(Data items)
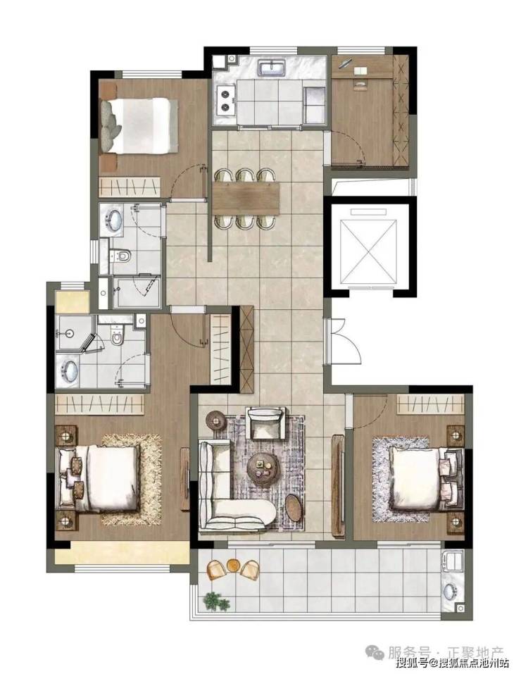 110㎡和115㎡户型三房两卫,功能性很强,全明户型,每个房间都带超大飘窗。卧预留衣橱空间、卫生间,私密性强。
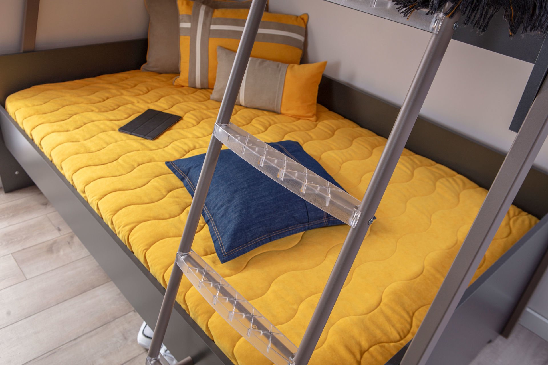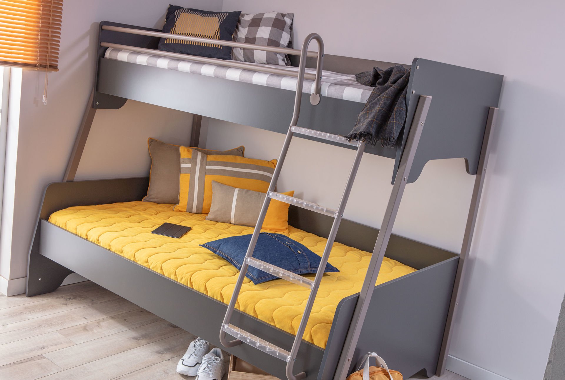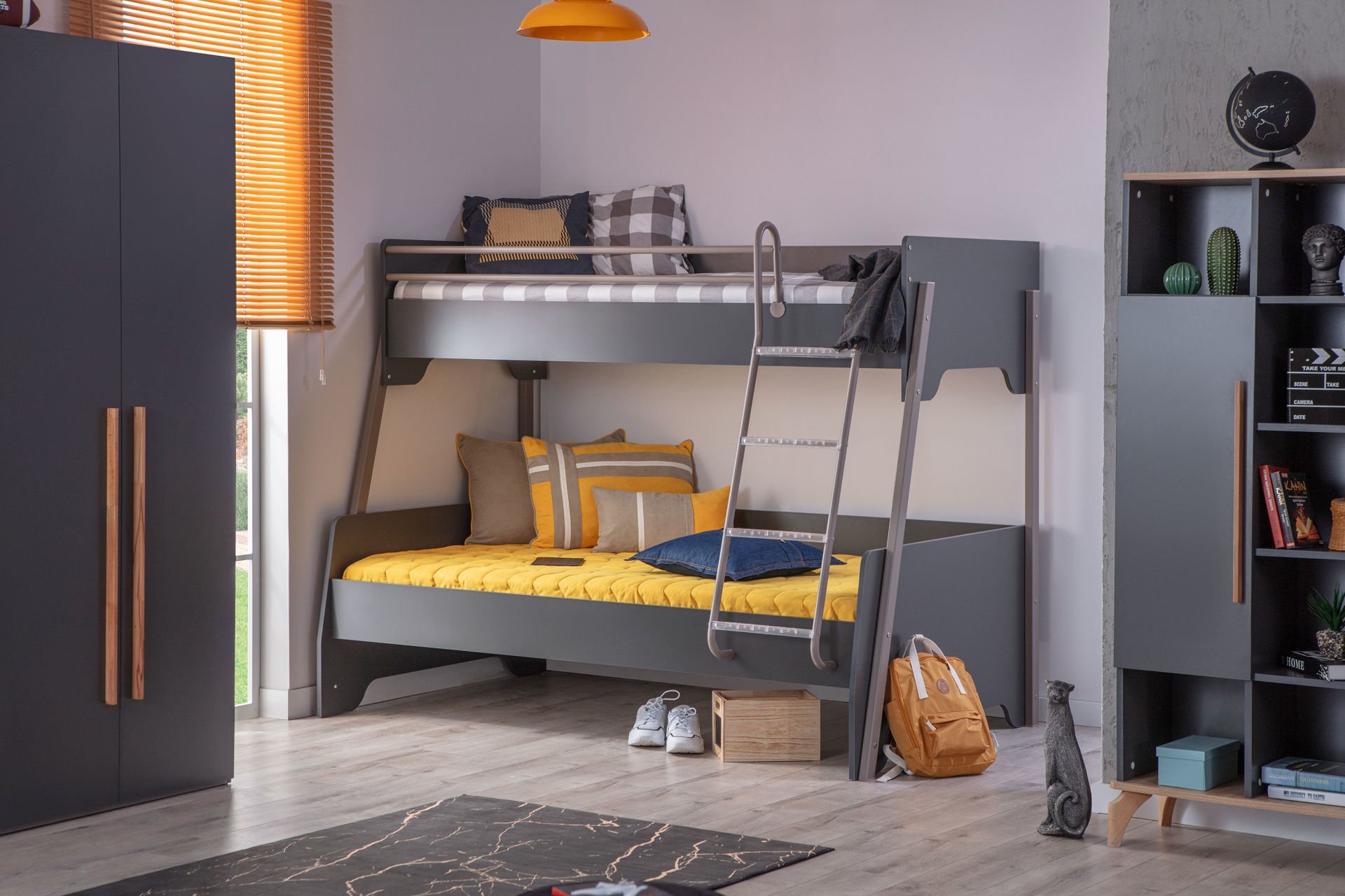 Aynı odayı paylaşan kardeşlerin rahatlığı için tasarlanan geniş ranza; üst yatak ölçüsü 90x200 cm, alt yatak ölçüsü 120x200 cm'dir.
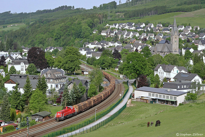 Anfang des Jahres 2014 wurden fürs Bahnmotiv störende Fichten am Nuttlarer Abzweig gefällt, so dass sich die Kurve vom Dümelskopf aus nun besser im Bild umsetzen lässt. Am 25. Mai herrschte perfektes Wetter und sogar die Pferde ließen sich und 265 015 mitsamt Eggerzug "auf die Platte" bannen.
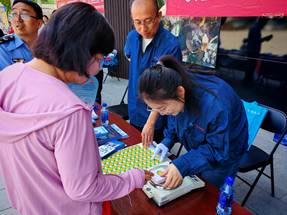 便民服务惠民生。相关法定计量检定机构在活动现场设立便民服务台,为市民免费检定血压仪、体重秤、电子计价秤,向群众普及家用医疗设备、电子秤常识并指导正确使用方法,确保健康监测数据可靠。许多市民携带家用仪器前来检定,现场共计检定各类计量器具95台,受到群众一致好评。
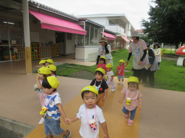 いちご組さんがKIP WEEk参加中なのでひよこ組さんは気分を変えて園の外へちょっとお散歩!
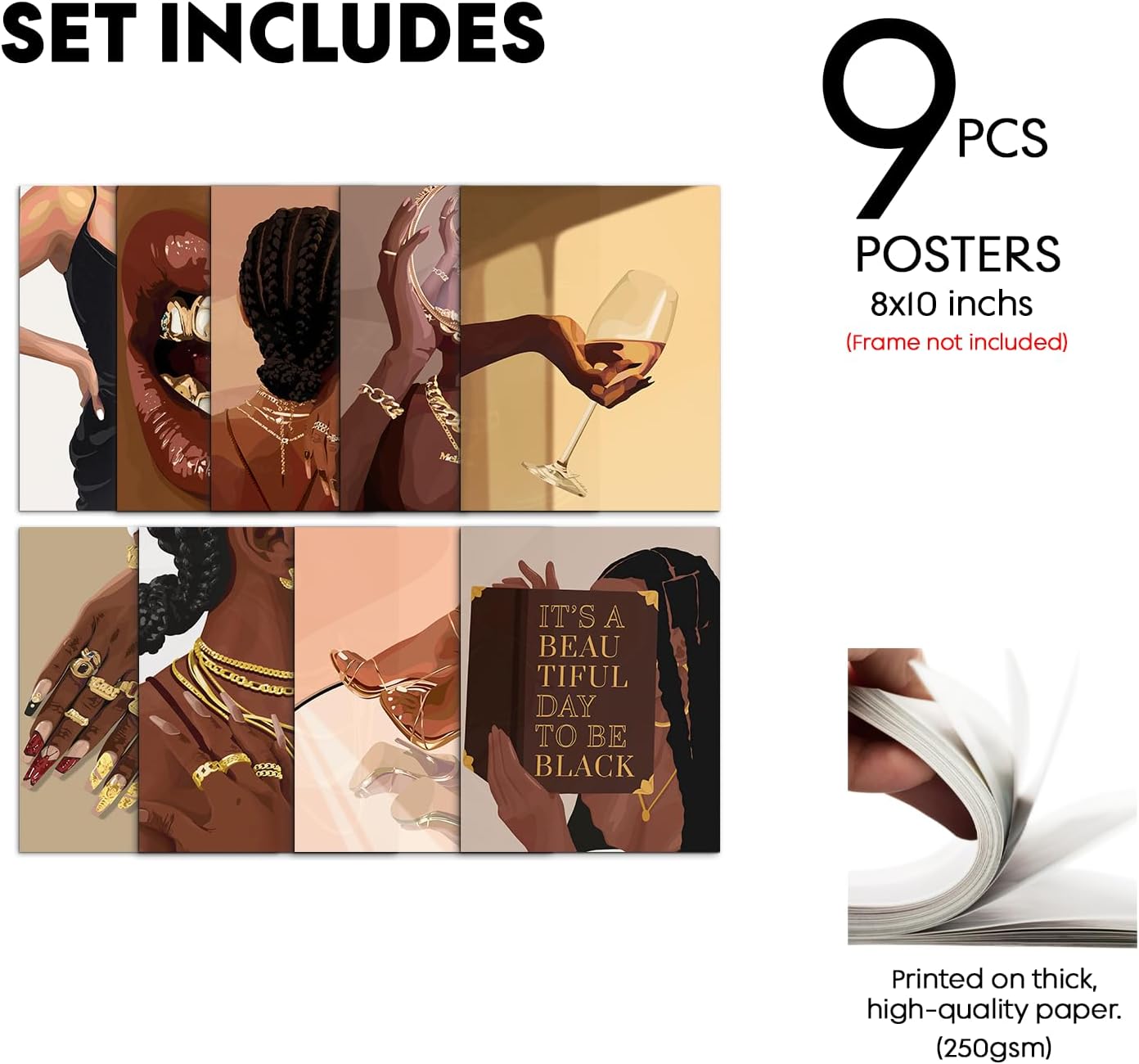 Elevate your space with our set of 9pcs posters, each meticulously designed in a unique Black Woman style, printed on high-quality 8×10 inch paper.
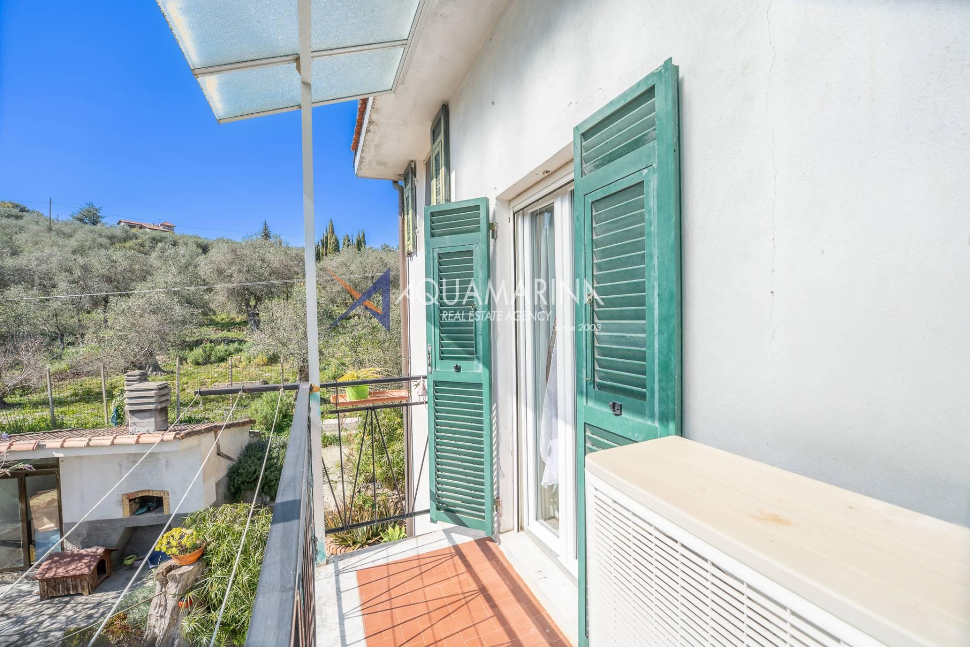 In Taggia, in the Beuzi region, just 10 minutes from Arma di Taggia and its splendid beaches, we offer for sale a detached apartment in a semi-detached house with a private garden, covered parking spaces, and surrounding land offering privacy and tranquility.
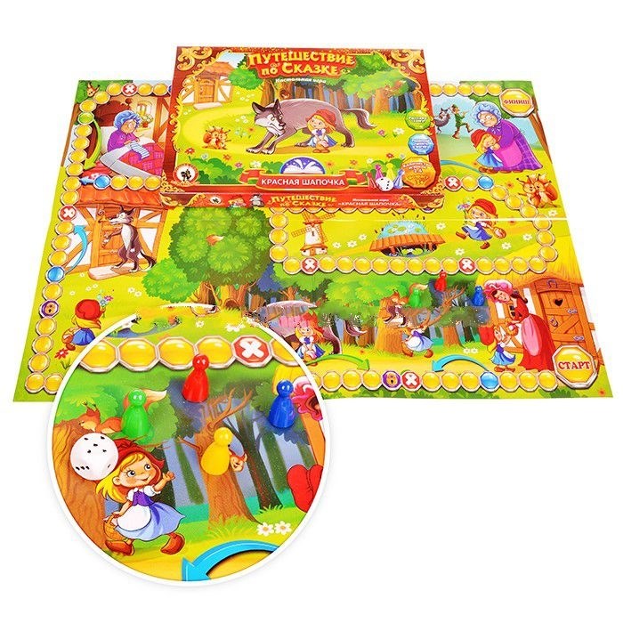 Соверши увлекательное путешествие в сказку! Помоги девочке донести пирожки своей любимой бабушке и не попасть в лапы серого волка! Выигрывает тот; кто первым дойдёт до финиша. Игра развивает логическое мышление; реакцию; мелкую моторику; учит детей считать. Играя; дети весело проведут время.¶В наборе красочное игровое поле размером 420х594 мм; кубик и 4 фишки.¶Материал: картон; пластик. Для детей от 3-х лет. Игра предназначена для 2 - 4 игроков.

◆ **DIRECTIONS**:
Output, line for line and exactly, the records above from their first line through the one with "Elevate your space", both ends included, but no pictures.

◆ **ANSWER SECTION**:
 110㎡和115㎡户型三房两卫,功能性很强,全明户型,每个房间都带超大飘窗。卧预留衣橱空间、卫生间,私密性强。
 Aynı odayı paylaşan kardeşlerin rahatlığı için tasarlanan geniş ranza; üst yatak ölçüsü 90x200 cm, alt yatak ölçüsü 120x200 cm'dir.
 Anfang des Jahres 2014 wurden fürs Bahnmotiv störende Fichten am Nuttlarer Abzweig gefällt, so dass sich die Kurve vom Dümelskopf aus nun besser im Bild umsetzen lässt. Am 25. Mai herrschte perfektes Wetter und sogar die Pferde ließen sich und 265 015 mitsamt Eggerzug "auf die Platte" bannen.
 便民服务惠民生。相关法定计量检定机构在活动现场设立便民服务台,为市民免费检定血压仪、体重秤、电子计价秤,向群众普及家用医疗设备、电子秤常识并指导正确使用方法,确保健康监测数据可靠。许多市民携带家用仪器前来检定,现场共计检定各类计量器具95台,受到群众一致好评。
 いちご組さんがKIP WEEk参加中なのでひよこ組さんは気分を変えて園の外へちょっとお散歩!
 Elevate your space with our set of 9pcs posters, each meticulously designed in a unique Black Woman style, printed on high-quality 8×10 inch paper.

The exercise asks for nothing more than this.